[[ Provided material, beginning ]]
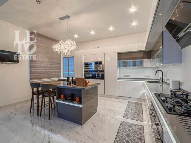 Установлены двери "Agoprofil", эксклюзивные витражи, панно австрийского художника Janusza Strzalkowski. В доме выполнена чистовая отделка всех помещений, установлена кухня Berloni, вся техника MIELE, в сан. узлах сантехника и мебель фирм VILLEROY & BOCH, HANSGROHE, ZEHNDER, KEUCO, JACUZZI, GESSI
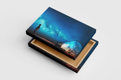 Yüksek kaliteli baskı ile hazırlanan bu kanvas tablo, yıldızlarla dolu bir ampulü çeken küçük bir çocuğun etkileyici sahnesini duvarlarınıza taşıyor. Canlı renkleri ve ayrıntılı baskı teknikleri sayesinde mekanınıza sıcaklık ve derinlik kazandırır. Dayanıklı malzemesiyle uzun yıllar boyunca şıklığını korur, yaşam alanlarınızı özgünlükle tamamlar.
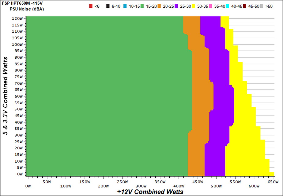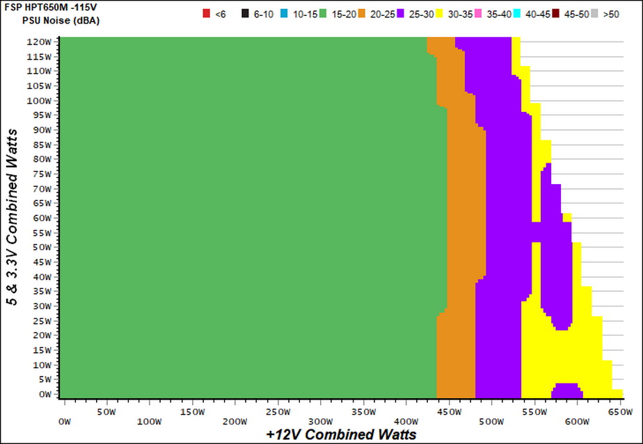 The following graph illustrates the fan's output noise over the PSU's operating range. The same conditions of the above graph apply to our measurements, though the ambient temperature is between 30°C (86°F) to 32°C (89.6°F).
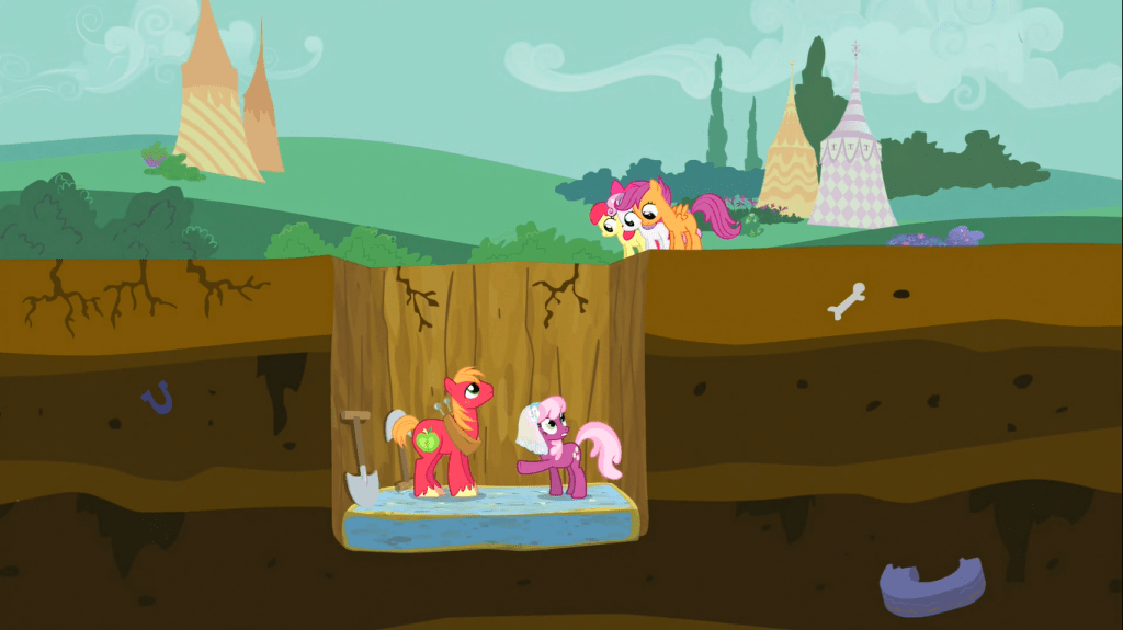 I’m just going to pretend it makes sense for Sweetie Belle and Scootaloo to have dug such a huge, cubic pit.
[[ Provided material, end ]]
→ The problem
Beginning at the line containing "The following graph", restate every line through the end of the material above exactly; omit the pictures.

→ Exercise output
 The following graph illustrates the fan's output noise over the PSU's operating range. The same conditions of the above graph apply to our measurements, though the ambient temperature is between 30°C (86°F) to 32°C (89.6°F).
 I’m just going to pretend it makes sense for Sweetie Belle and Scootaloo to have dug such a huge, cubic pit.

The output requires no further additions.